Is this regarding the “go fuck yourself” line? First, I’m a woman. Second, someone telling me to go fuck myself for equating the actions against Japanese-Americans and gay rights isn’t going to make me stop doing it. It’s another perfect example of a group of people who were targeted for hatred and prejudice because of their birthright. Americans love to target groups that are “other” to them, that’s for sure, and they keep running out of groups that are socially ok to target. GLBTs are just about the last ones. At least here they never had to wear pink triangles or get put in camps, though you know that many right wingers would love to see that happen. They have been killed though. Matthew Shepherd may be the only name a lot of people know, but there are tons of them. I just found out myself about the Jimani murders.

Sad enough for people to die in a fire. Horrific that it was deliberately caused by a hateful homophobe.

I was afraid my edit time would run out. I think we misunderstood each other Discordia. I thought you disliked my equating the two, but now I read your reply.

No, I didn’t mean it that way at all! I wasn’t even thinking of you. I was thinking of people who, at the time it was happening, weren’t concerned of what was going on with the Japanese-Americans because 1) we were in a war, and 2) they weren’t Japanese-Americans, so what did they care. It’s the same sort of thing…ah, I have to find it. “First they came for the…but since I wasn’t a …, then they came for, but I wasn’t…and when they came for me, there was nobody left to speak on my behalf” thing. I have to find the exact wording.

Anyway, it wasn’t targeted at you. I apologise if you thought it was.

Fair enough. That accusation is one of the few things that can genuinely make me angry, so I can overreact.

Got it.

Yes, I quite like that one.

Don’t misunderstand me, I’m just a pragmatist who can seem rather detached. We don’t disagree in our goals at all.

Perhaps it’s more at my despair at the shit the world is in that such things seem so trifling in comparison.

You mean in a “good news, bad news” way?
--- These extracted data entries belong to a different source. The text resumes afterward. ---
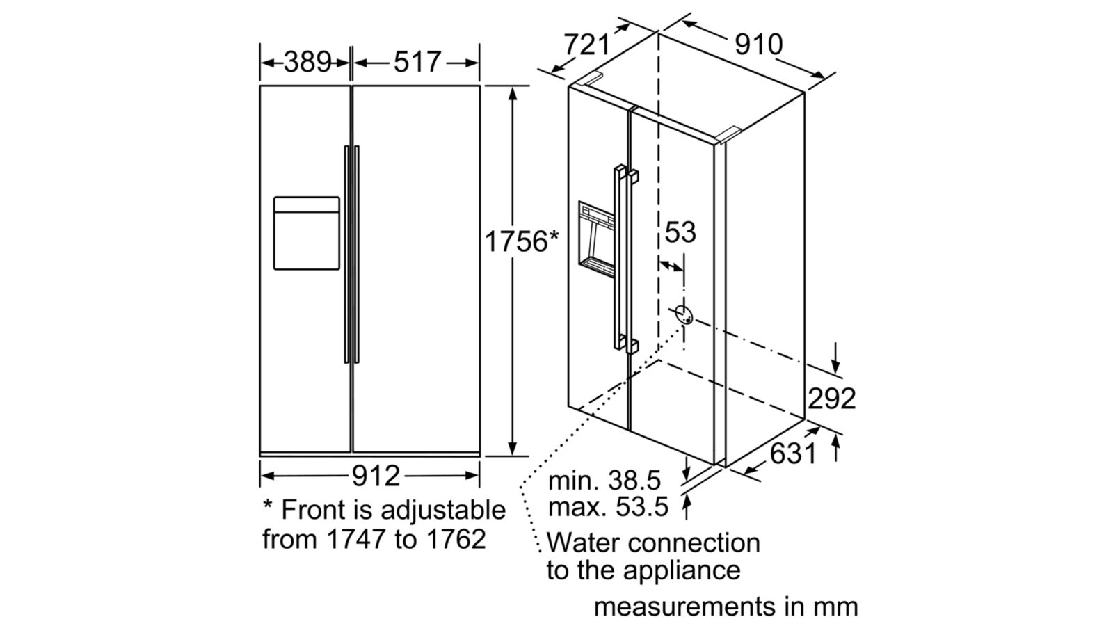 Cao 1756 x Rộng 912 x Sâu 732 mm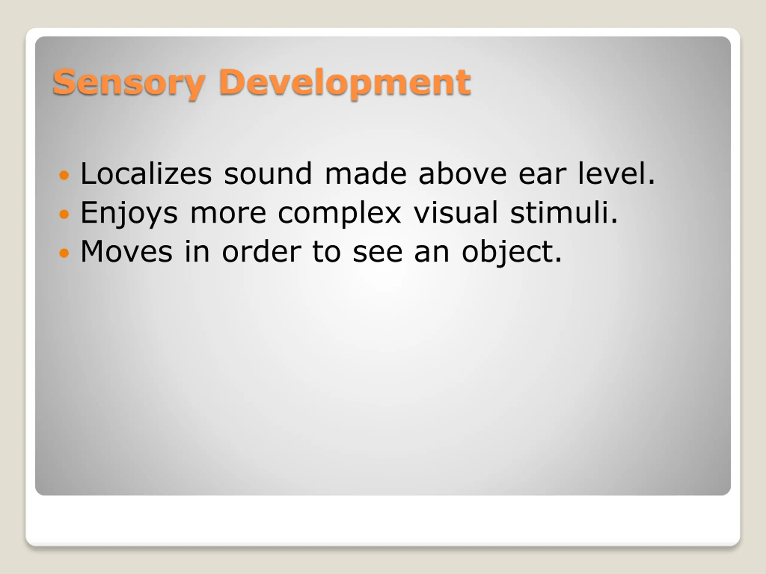Sensory Development Localizes sound made above ear level. Enjoys more complex visual stimuli. Moves in order to see an object.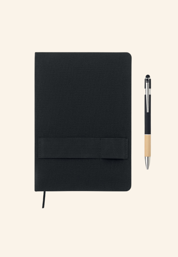 • Couverture rigide en feutre RPET 600D pour un rendu moderne et responsable.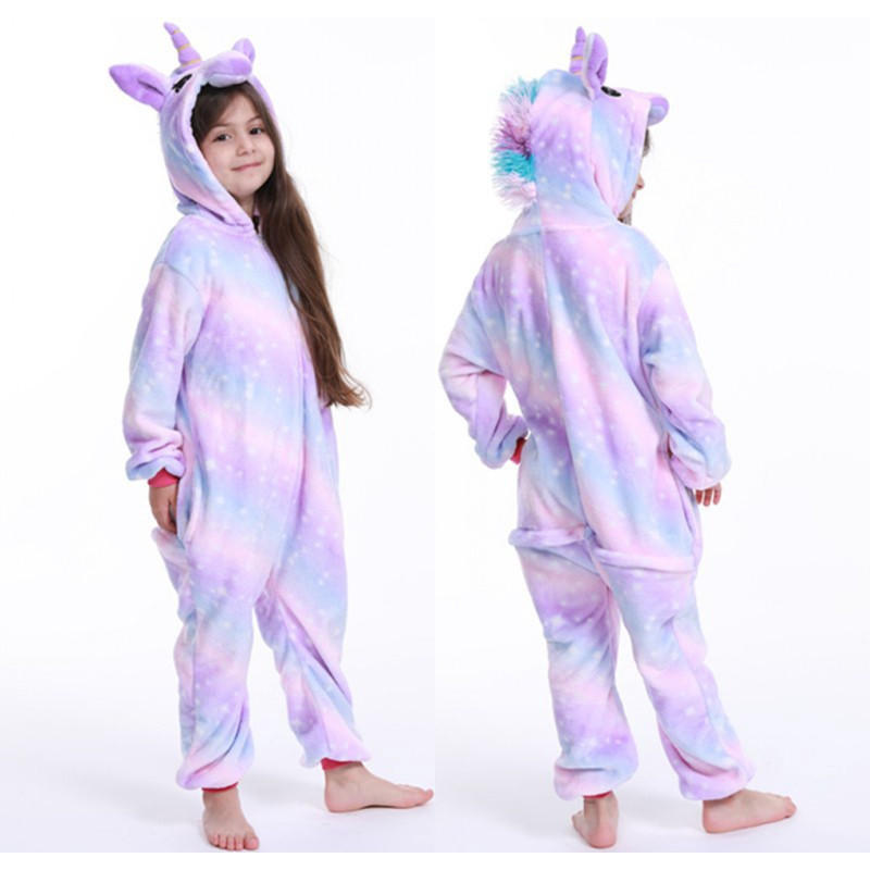 Macacões de Inverno para Meninas e Meninos, Unicórnio Fofo com Bolinhas, Pijamas de Animais, Dois Desenhos Animados, Ani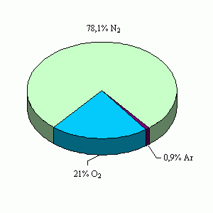 Основные составляющие атмосферы Земли – азот и кислород. Остальные газы: водяной пар, углекислота, неон, метан, водород и другие – составляют около 1 %. Давление атмосферы на уровне моря – 1 атм = 101325 Па = 760 мм рт. ст. |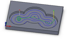 L'activation de la case à cocher Laisser outil baissé et la régénération de l'opération de la trajectoire d'outil illustrée ci-dessous produisent les résultats suivants.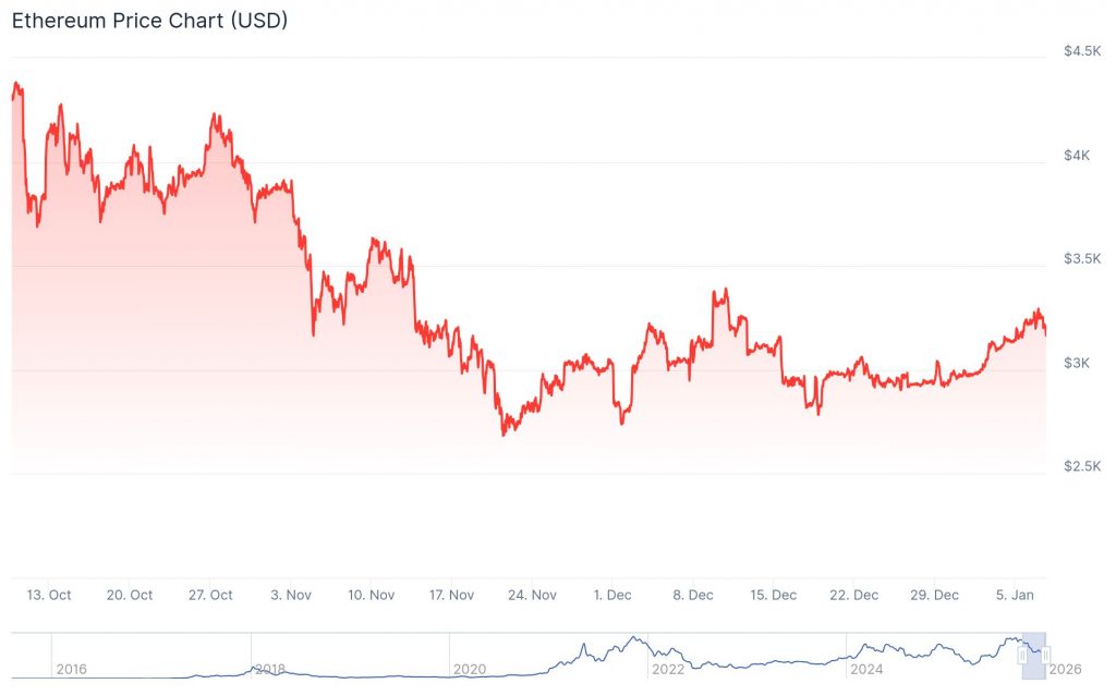 Auch die Kursentwicklung von Ethereum passt zu diesem Bild. Nach dem kräftigen Rücksetzer im vierten Quartal 2025, hat sich der Kurs in den vergangenen Wochen spürbar stabilisiert. Aktuell bewegt sich ETH im Bereich von etwa 3.150 bis 3.200 US-Dollar.
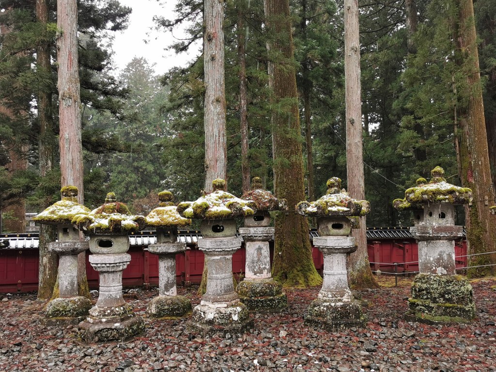 En quittant le Tosho-gu, nous passons devant l’entrée du Taiyu-in. Il s’agit du mausolée qui accueille les restes de Tokugawa Iemitsu, petit fils et grand admirateur de Ieyasu qui a voulu reposer auprès de son aïeul. Contrairement au Tosho-gu, ça ne se bouscule pas au portillon. Cela fait plus de deux heures que nous sommes dehors. La neige tourne à la pluie et nous commençons à avoir froid. Nous hésitons. Ira, ira pas ? On se dit finalement que nous ne reviendrons peut-être jamais ici. On y va. Et c’est une très bonne décision. Lors de notre visite, nous ne croisons qu’une dizaine de personnes. L’endroit s’en trouve pacifié. Les pins forment un écrin dans lequel semble s’être enfoncé le sanctuaire. Les arbres, le monument, nous, la nature comme seul fond sonore. Le temps s’arrête. Entre la forêt et les bâtiments qui n’ont rien à envier au Tosho-gu, le sacré transpire.

Like the good news, gays can marry, bad news, neither will have a job?

I wonder.

Yeah, that might be the least bit relevant if those of us who are trying to display the same tolerance we’re demanding of the evangelicals weren’t also SPEAKING UP at the same time.

You wonder what?

Speaking up about what?

Well now I wonder whether you read the link I posted.

Is this a real question?

You fling around accusations that those of us who aren’t as outraged as you are about this, are of the same character as those who didn’t speak out against the treatment of the Japanese in the U.S. or the Jews in Germany during WWII. Frankly, I find that comparison insulting and offensive. But most of all, it’s flat out wrong. Many of us who support Obama’s inclusion of Warren in his inauguration, are speaking out against the underlying cause you think is being “slapped in the face” – gay rights. Or have you forgotten that I, for instance, campaigned against Prop 8, posted signs in my yard and windows and made monetary donations to Equality California in an effort to defeat it? What do we have to do, place ourselves up on a cross before you believe that we can feel just as strongly about equal rights as you?

Hardly. We hear instead demands that those who are offended and discriminated against should shut up and submit. To stop complaining and slink off into the civil union ghetto. While their enemy is given the Presidential stamp of approval.
And we don’t hear you people “demanding tolerance” of the evangelicals; instead, we hear demands for tolerance of the bigotry of those evangelicals.